Information shown:
◇ ◇ ◇ ◇
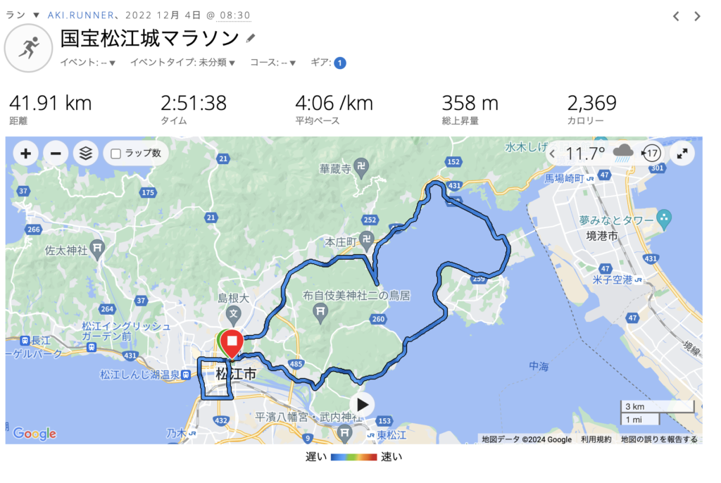 - 中盤: 宍道湖沿いの絶景コース 平坦なコースが続き、宍道湖の美しい景色を楽しみながら、リズムを作ることが重要です。ペースを維持しやすいので、中盤での体力管理が攻略のカギです。
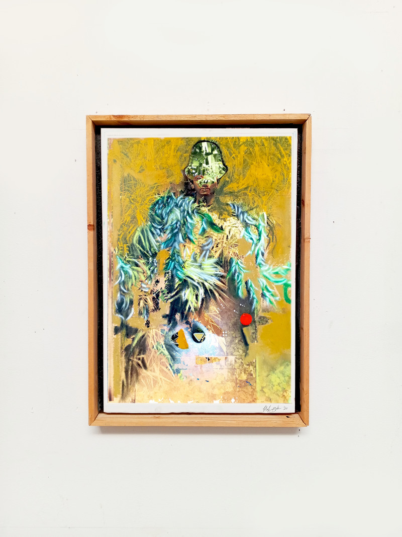 Overlying elements applied from a pre-worked HDR ultra-chrome ink transfer print on velvet matte stock paper.
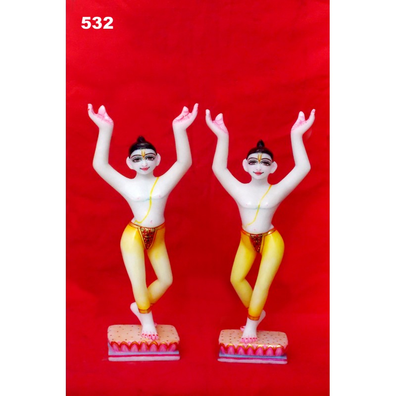 Here are some beautiful deities of Nitai Gour Sundar. Made of marble. Delicately carved and nicely painted. Very nice for your home or temple.
◇ ◇ ◇ ◇
Task: Line by line, output the material above exactly, passing over the pictures.

Task answer:
 - 中盤: 宍道湖沿いの絶景コース 平坦なコースが続き、宍道湖の美しい景色を楽しみながら、リズムを作ることが重要です。ペースを維持しやすいので、中盤での体力管理が攻略のカギです。
 Overlying elements applied from a pre-worked HDR ultra-chrome ink transfer print on velvet matte stock paper.
 Here are some beautiful deities of Nitai Gour Sundar. Made of marble. Delicately carved and nicely painted. Very nice for your home or temple.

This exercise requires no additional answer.